### Dataset content
————————

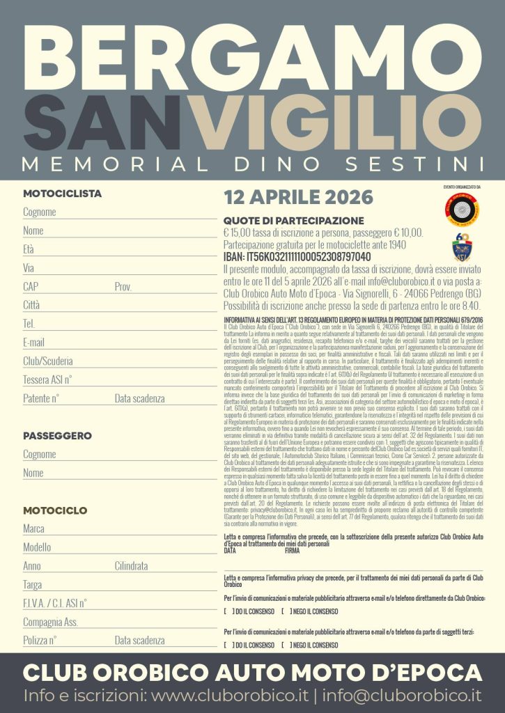 Club Orobico Auto Moto d’Epoca – Via Signorelli, 6 – 24066 Pedrengo (BG)
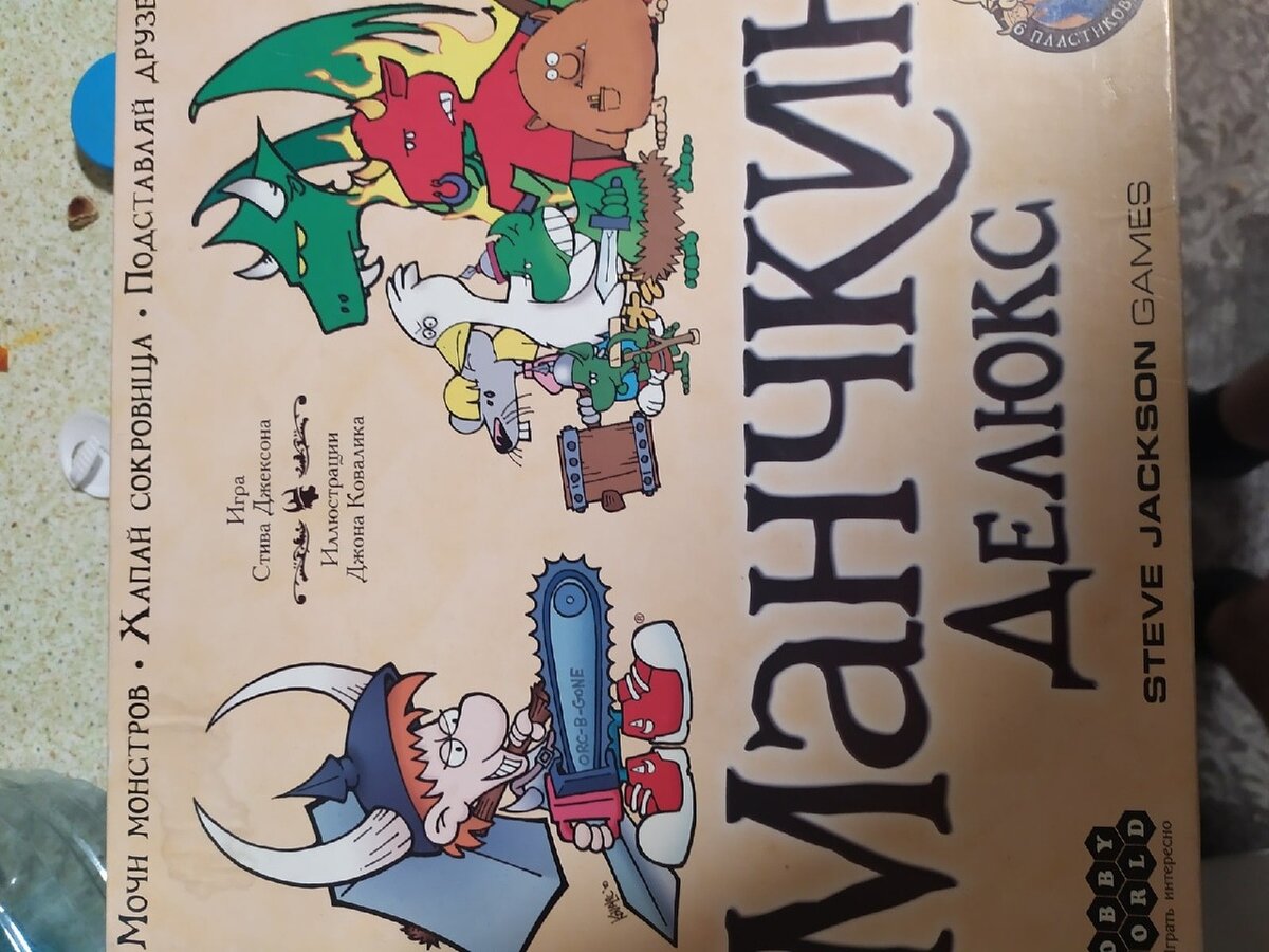 Это очень увлекательная и интересная настольная игра, дополнений к этой игре очень много, но к сожалению стоит денюшек. Эта настольная игра очень увлекает когда играет в нее больше 3 человек, тут есть множество различных карт, таких как выбор расы и класса, можешь ли ты носит большое оружие в одной руке или в двух, все зависит от класса. Играть можно вообще везде, мы играли даже в подъезде, зимой) в наличии идет само собой карточки и 6 фигурок. Но если брать более лучшую версию( делюкс) ну и конечно стоить будет побольше! там идет в комплекте, те же самые карточки и плюс еще карта. Есть конечно и дополнения и их довольно много, но у меня только одно. Карточки делятся на 3 типа: 1) Это сокровища, где выпадают плюшки и улучшения. 2) И двери, где попадаются монстры разных уровней и так же улучшение для них и для нас. 3) пустые карточки, где вы можете придумать так и улучшения для себя, так и улучшения для монстров или любое усиление, или на что способна фантазия. к сожалению пу
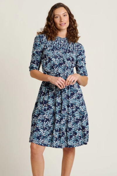 Abstract floral prints are a versatile way of incorporating more pattern and colour into your winter wardrobe. The Brakeburn Jasmine is a knee-length dress has elasticated ¾ sleeves, a pleated chest panel and a delicate tie belt to create a flattering silhouette. Dress up for occasions or wear with a denim shirt and boots for coffee with friends.

————————

### Your goal
Repeat the lines exactly as they stand, from the opening line of the data through the line with "Это очень увлекательная". Pictures stay out of the copy.

### Solution to this task
 Club Orobico Auto Moto d’Epoca – Via Signorelli, 6 – 24066 Pedrengo (BG)
 Это очень увлекательная и интересная настольная игра, дополнений к этой игре очень много, но к сожалению стоит денюшек. Эта настольная игра очень увлекает когда играет в нее больше 3 человек, тут есть множество различных карт, таких как выбор расы и класса, можешь ли ты носит большое оружие в одной руке или в двух, все зависит от класса. Играть можно вообще везде, мы играли даже в подъезде, зимой) в наличии идет само собой карточки и 6 фигурок. Но если брать более лучшую версию( делюкс) ну и конечно стоить будет побольше! там идет в комплекте, те же самые карточки и плюс еще карта. Есть конечно и дополнения и их довольно много, но у меня только одно. Карточки делятся на 3 типа: 1) Это сокровища, где выпадают плюшки и улучшения. 2) И двери, где попадаются монстры разных уровней и так же улучшение для них и для нас. 3) пустые карточки, где вы можете придумать так и улучшения для себя, так и улучшения для монстров или любое усиление, или на что способна фантазия. к сожалению пу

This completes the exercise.